8 Technology Roadmap for the Energy and Transport Sectors

The big data value chain for infrastructure- and resource-centric systems of energy and transport businesses consists of three main phases: data acquisition, data management, and data usage. Data analytics, as indicated by business user needs, is implicitly required within all steps and is not a separate phase.

The technology roadmap for fulfilling the key requirements along the data value chain for the energy and transport sectors focuses on technology that is not readily available and needs further research and development in order to fulfil the more strict requirements of energy and transport applications (Fig. 13.1).

Fig. 13.1
figure 1

Mapping requirements to research questions in the energy and transport sectors

8.1 Data Access and Sharing

Energy and transport are resource-centric infrastructure businesses. Access to usage data creates the opportunity to analyse the usage of a product or service to improve it, or gain efficiency in sales and operations. Usage data needs to be combined with other available data to deliver reliable predictive models. Currently there is a trade-off between enhancing interpretability of data and preserving privacy and confidentiality. The following example of mobility usage data combined with a variety of other data demonstrates the privacy challenge. de Montjoye et al. (2013) show that “4 spatio-temporal points (approximate places and times) are enough to uniquely identify 95 % of 1.5 M people in a mobility database. The study further states that these constraints hold even when the resolution of the dataset is low”. The work shows that mobility datasets combined with metadata can circumvent anonymity.

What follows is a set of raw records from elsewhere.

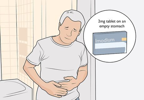 Take an anti-diarrhea medicine to prevent loose stools. Loperamide (Imodium) can reduce the number of bowel movements you have and help thicken loose stools. Chew a 2 mg tablet on an empty stomach after you use the bathroom. To take the dissolvable form, place 1 whole tablet on your tongue and let it dissolve completely before swallowing (you don’t need to flush it down with water). Do this twice a day until your symptoms subside. Don’t take more than 8 mg within 24 hours unless you’re under close supervision by your doctor. If you’re giving loperamide to a child, use a formula specifically made for children (which typically come in 1 mg or 2 mg tablets). The maximum daily dosage for a 2 to 5-year-old is 3 mg. For 6 to 8-year-olds, administer no more than 4 mg per day. Children ages 8 to 12 years old can take up to 6 mg per day. If you’re taking anti-diarrhea medication on a schedule and miss a dose, take it as soon as you remember. If you’re only 2 or 3 hours away from your next scheduled dose, skip it and resume your regular dosing regimen. Don’t double your dose to make up for a missed dose. Loperamide can’t treat lost minerals from diarrhea, so be sure to replenish your electrolytes with liquids like Pedialyte, coconut water, sports drinks, or electrolyte-enhanced waters.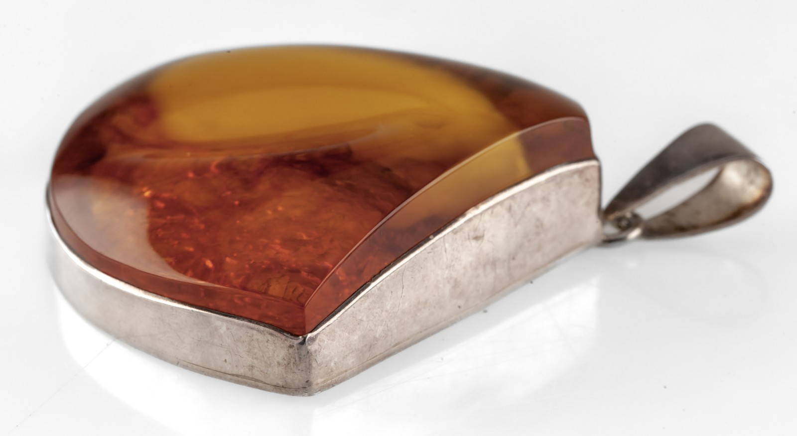 Magnificent Sterling Silver Baltic Cognac Amber Large Pendant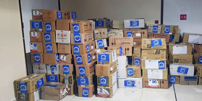 تسلمت اللجنة العليا للإغاثة اليوم شحنة مساعدات إنسانية مقدمة من الجمهورية الباكستانية إلى الحكومة والشعب السوري، تحتوي 3.5 أطنان من المواد الطبية.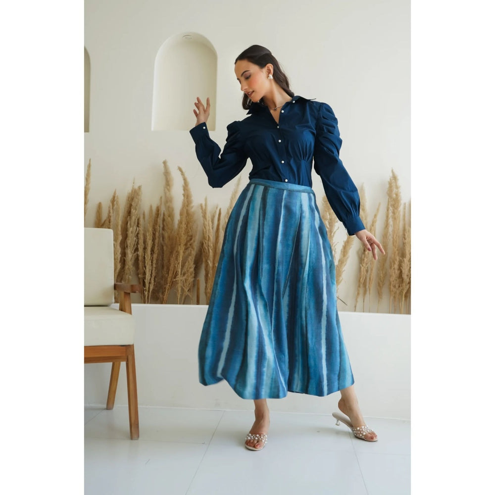 Ruhm Blue Ocean Ink Shirt with Skirt (Set of 2)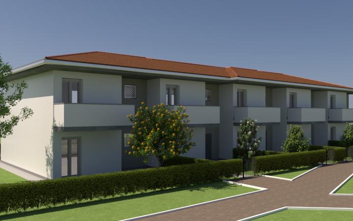 Appartamento (n.8) con: soggiorno con angolo cottura, balcone loggiato, 2 camere. cantina e posto auto al piano terra. Risc. autonomo a pavimento. possibilità di posto auto e cantina. Possibilità di recupero con detrazione fiscale. CL EN A4.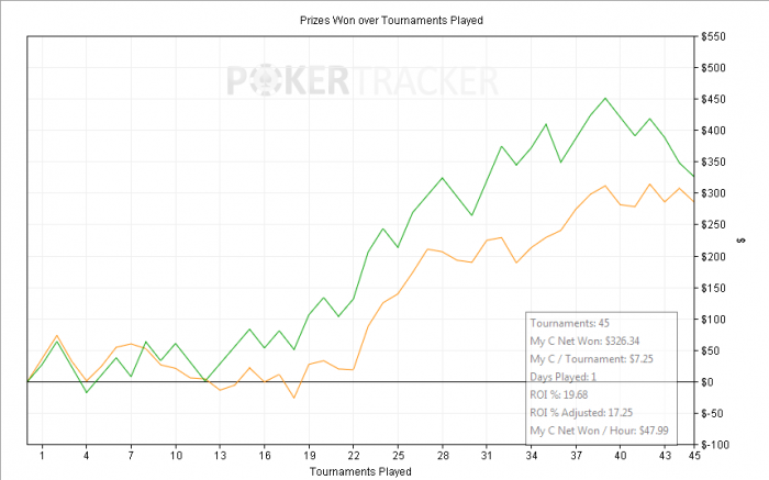 PokerStars - $28.78+$1.22|15/30 NL (2 max) - Holdem - 2 playersHand converted by PokerTracker 4BB: 46.47 BB (VPIP: 67.44, PFR: 55.56, 3Bet Preflop: 38.10, Hands: 284)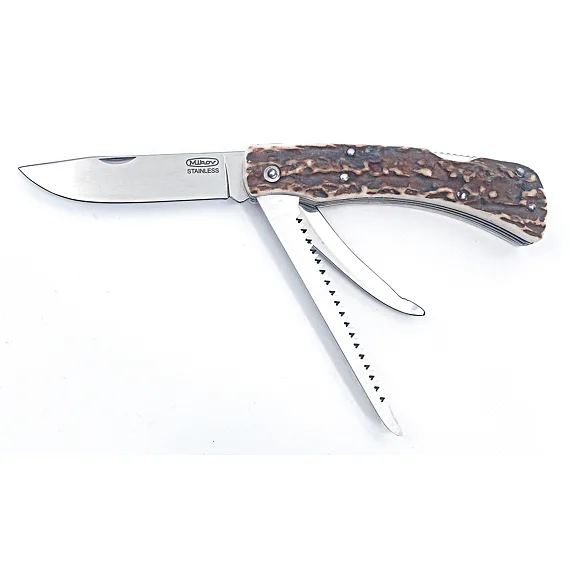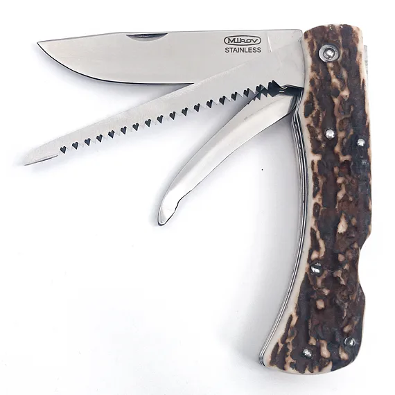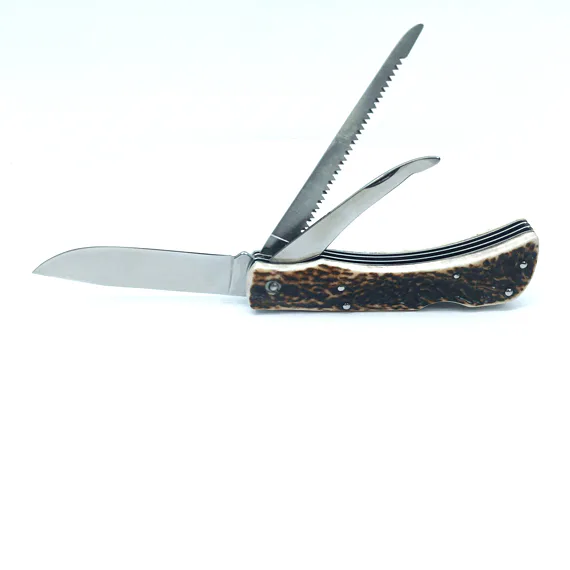 Lovecký zavírací nůž HUBERT 3dílný s pilkou a páráčkem - střenka paroh 245-XP-3

At the same time, insufficient privacy protection options can hinder the sourcing of big data in the first place, as experiences from smart metering rollouts in the energy businesses show. In the EU only 10 % of homes have smart meters (Nunez 2012). Although there is a mandate that the technology reaches 80 % of homes by 2020, European rollouts are stagnant. A survey from 2012 (Department of Energy and Climate Change 2012) finds that “with increasing reading frequency, i.e. from monthly to daily, to half hourly, etc., energy consumption data did start to feel more sensitive as the level of detail started to seem intrusive… Equally, it was not clear to some [participants] why anyone would want the higher level of detail, leaving a gap to be filled by speculation which resulted in some [participants] becoming more uneasy”.

Advances are needed for the following technologies for data access and sharing:

  • Linked data is a lightweight practice for exposing and connecting pieces of data, information, or knowledge using basic web standards. It promises to open up siloed data ownership and is already an enabler of open data and data sharing. However, with the increasing number of data sources already linked, the various types of new data that will come from intelligent infrastructures, and always connected end users in energy and mobility, scalability and cost-efficacy becomes an issue. One of the open research questions is how to (semi-)automatically extract data linkage to increase current scalability.

  • Encrypted data storage can enable integrated, data-level security. As cloud storage becomes commonplace for domestic and commercial end users, better and more user-friendly data protection becomes a differentiation factor (Tanner 2014). In order to preserve privacy and confidentiality the use of encrypted data storage will be a basic enabler of data sharing and shared analytics. However, analytics on encrypted data is still an ongoing research question. The most widely pursued research is called fully homomorphic encryption. Homomorphic encryption theoretically allows operations to be carried out on the cipher text. The result is a cipher text that when decrypted matches the result of operation on plaintext. Currently only basic operations are feasible.

  • Data provenance is the art of tracking data through all transformations, analyses, and interpretations. Provenance assures that data that is used to create actionable insights are reliable. The metadata that is generated to realize provenance across the big variety of datasets from differing sources also increases interpretability of data, which in turn could improve automated information extraction. However, scaling data provenance across the dimensions of big data is an open research question.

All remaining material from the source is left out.